# REQUIRED ACTION
An exact copy of the data is needed, but without any of its images.

[[ STORED DATA, beginning ]]

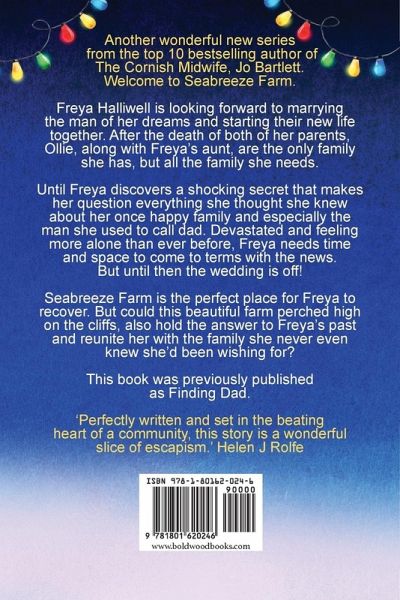 Pre-order the next instalment in Jo Bartlett's wonderful Seabreeze Farm series! Another wonderful new series from the top 10 bestselling author of The Cornish Midwife, Jo Bartlett. Welcome to Seabreeze Farm. Freya Halliwell is looking forward to marrying the man of her dreams and starting their new life together. After the death of both of her parents, Ollie, along with Freya's aunt, are the only family she has, but all the family she needs. Until Freya discovers a shocking secret that makes her question everything she thought she knew about her once happy family and especially the man she used to call dad. Devastated and feeling more alone than ever before, Freya needs time and space to come to terms with the news. But until then the wedding is off! Seabreeze Farm is the perfect place for Freya to recover. But could this beautiful farm perched high on the cliffs, also hold the answer to Freya's past and reunite her with the family she never even knew she'd been wishing for? This book was previously published as Finding Dad. Praise for Jo Bartlett: 'I love second chance stories. I love returning home stories. So a book combining both is an absolute winner for me. The Cornish Midwife is simply gorgeous. Stunning setting, wonderful characters, and oozing with warmth. A triumph from Jo Bartlett.' Jessica Redland 'Perfectly written and set in the beating heart of a community, this story is a wonderful slice of Cornish escapism.' Helen J Rolfe.
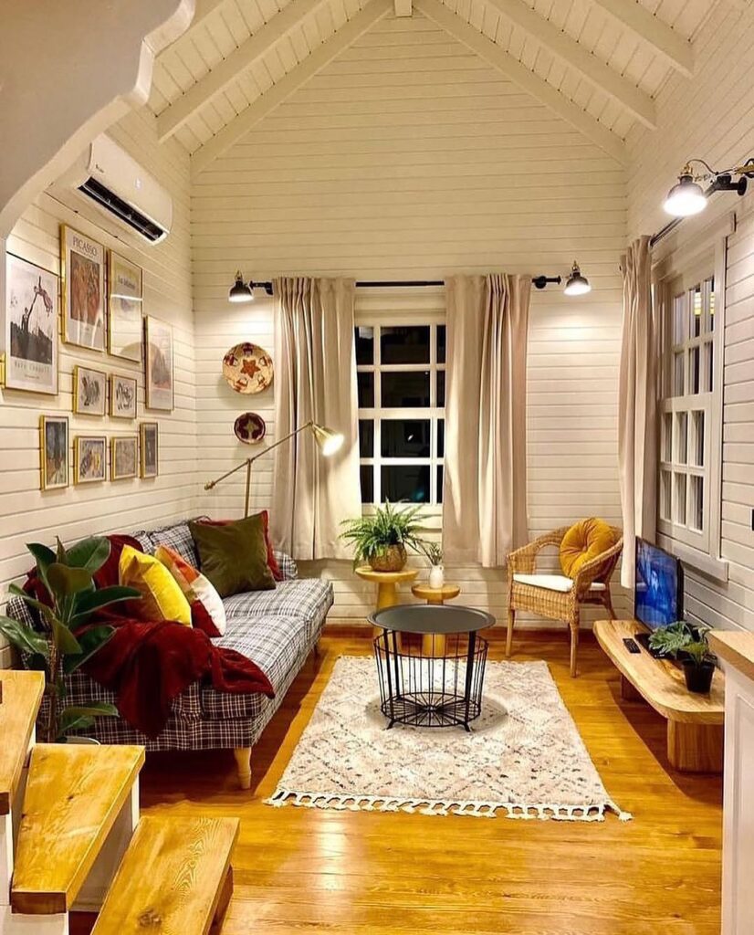Stepping inside, the home offers the same warmth and charm found on the exterior. The interior features soft lighting, wooden accents, and comfortable furnishings that create a welcoming, cabin-like ambiance. The living area is thoughtfully arranged, with cozy seating placed near the windows, allowing natural light to fill the space during the day.
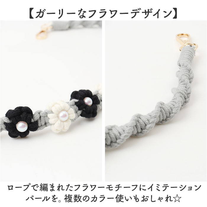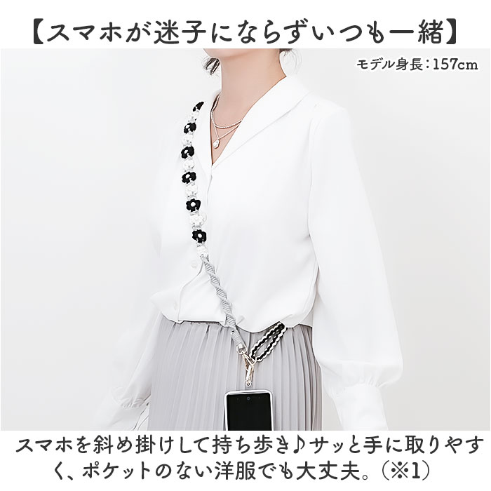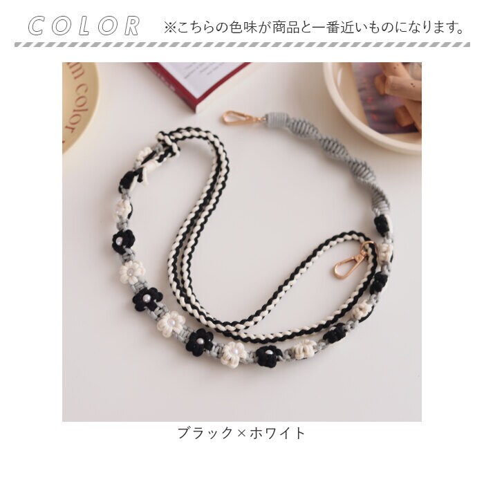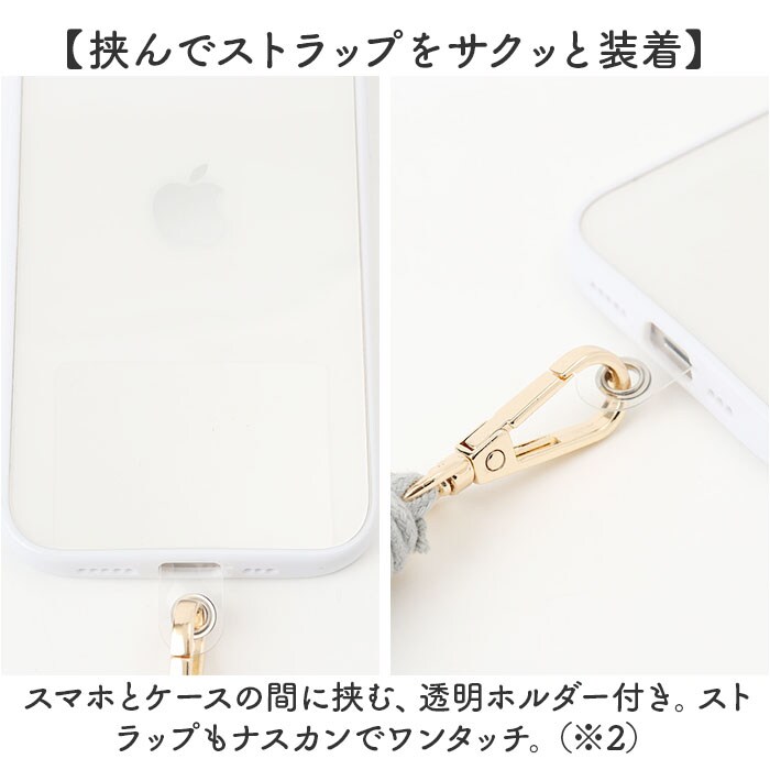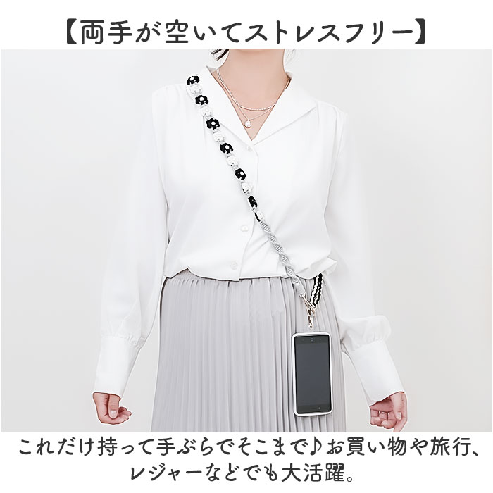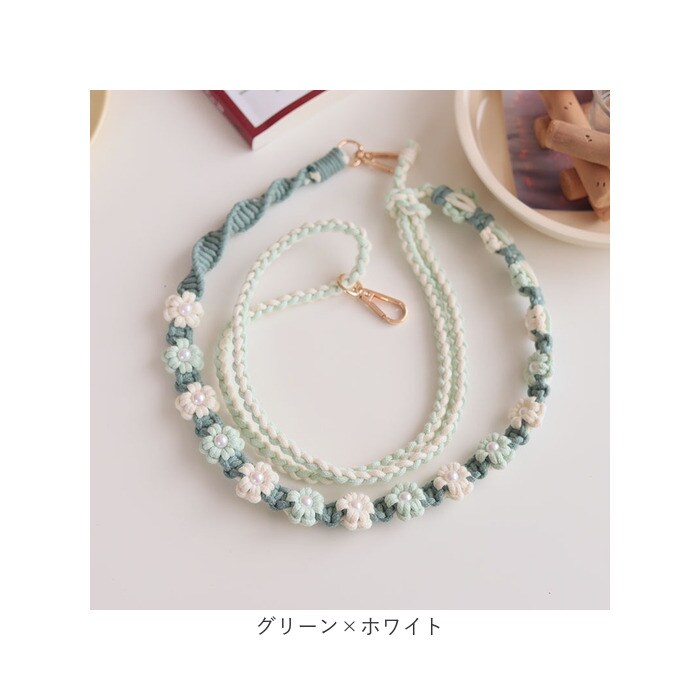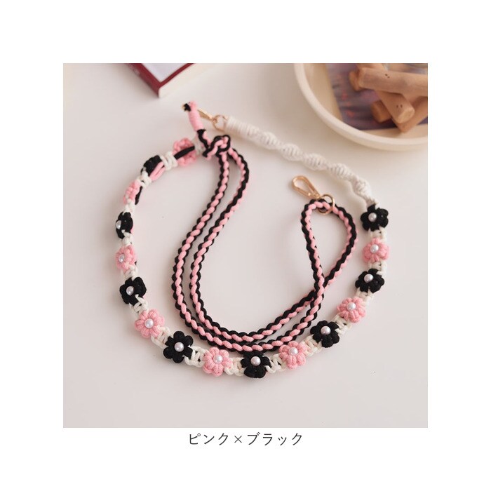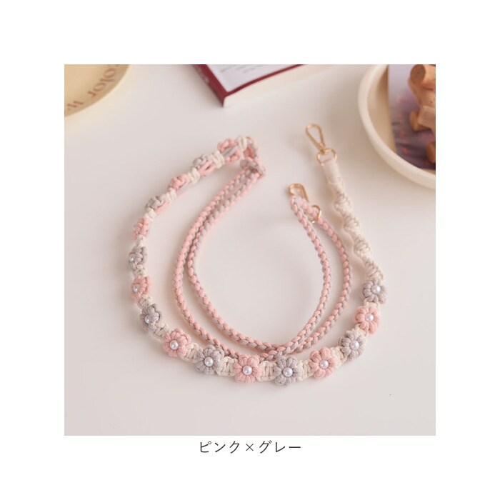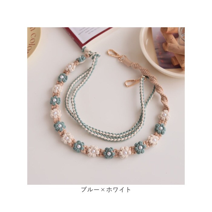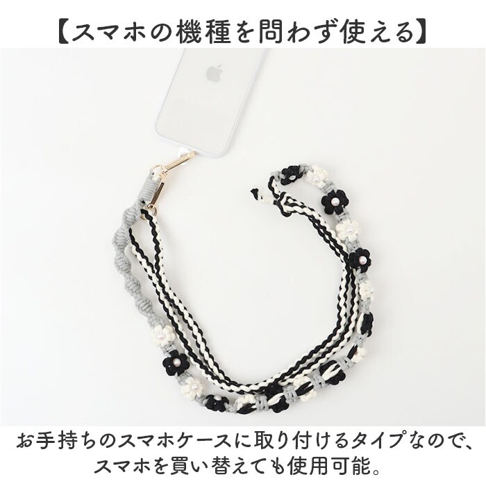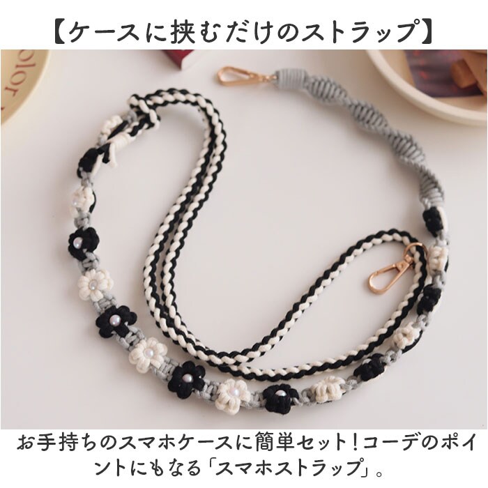 | 商品説明 | 【ケースに挟むだけのストラップ】お手持ちのスマホケースに簡単セット!コーデのポイントにもなる「スマホストラップ」。【スマホが迷子にならずいつも一緒】スマホを斜め掛けして持ち歩き♪サッと手に取りやすく、ポケットのない洋服でも大丈夫。(※1)結び目で長さ調節可能です。【ガーリーなフラワーデザイン】ロープで編まれたフラワーモチーフにイミテーションパールを。複数のカラー使いもおしゃれ☆【挟んでストラップをサクッと装着】スマホとケースの間に挟む、透明ホルダー付き。ストラップもナスカンでワンタッチ。(※2)ケースの形状や素材によっては使用できない場合もあります。【スマホの機種を問わず使える】お手持ちのスマホケースに取り付けるタイプなので、スマホを買い替えても使用可能。【両手が空いてストレスフリー】これだけ持って手ぶらでそこまで♪お買い物や旅行、レジャーなどでも大活躍。 |

[[ STORED DATA, end ]]

# ANSWER TO THE EXERCISE
 Pre-order the next instalment in Jo Bartlett's wonderful Seabreeze Farm series! Another wonderful new series from the top 10 bestselling author of The Cornish Midwife, Jo Bartlett. Welcome to Seabreeze Farm. Freya Halliwell is looking forward to marrying the man of her dreams and starting their new life together. After the death of both of her parents, Ollie, along with Freya's aunt, are the only family she has, but all the family she needs. Until Freya discovers a shocking secret that makes her question everything she thought she knew about her once happy family and especially the man she used to call dad. Devastated and feeling more alone than ever before, Freya needs time and space to come to terms with the news. But until then the wedding is off! Seabreeze Farm is the perfect place for Freya to recover. But could this beautiful farm perched high on the cliffs, also hold the answer to Freya's past and reunite her with the family she never even knew she'd been wishing for? This book was previously published as Finding Dad. Praise for Jo Bartlett: 'I love second chance stories. I love returning home stories. So a book combining both is an absolute winner for me. The Cornish Midwife is simply gorgeous. Stunning setting, wonderful characters, and oozing with warmth. A triumph from Jo Bartlett.' Jessica Redland 'Perfectly written and set in the beating heart of a community, this story is a wonderful slice of Cornish escapism.' Helen J Rolfe.
Stepping inside, the home offers the same warmth and charm found on the exterior. The interior features soft lighting, wooden accents, and comfortable furnishings that create a welcoming, cabin-like ambiance. The living area is thoughtfully arranged, with cozy seating placed near the windows, allowing natural light to fill the space during the day.
 | 商品説明 | 【ケースに挟むだけのストラップ】お手持ちのスマホケースに簡単セット!コーデのポイントにもなる「スマホストラップ」。【スマホが迷子にならずいつも一緒】スマホを斜め掛けして持ち歩き♪サッと手に取りやすく、ポケットのない洋服でも大丈夫。(※1)結び目で長さ調節可能です。【ガーリーなフラワーデザイン】ロープで編まれたフラワーモチーフにイミテーションパールを。複数のカラー使いもおしゃれ☆【挟んでストラップをサクッと装着】スマホとケースの間に挟む、透明ホルダー付き。ストラップもナスカンでワンタッチ。(※2)ケースの形状や素材によっては使用できない場合もあります。【スマホの機種を問わず使える】お手持ちのスマホケースに取り付けるタイプなので、スマホを買い替えても使用可能。【両手が空いてストレスフリー】これだけ持って手ぶらでそこまで♪お買い物や旅行、レジャーなどでも大活躍。 |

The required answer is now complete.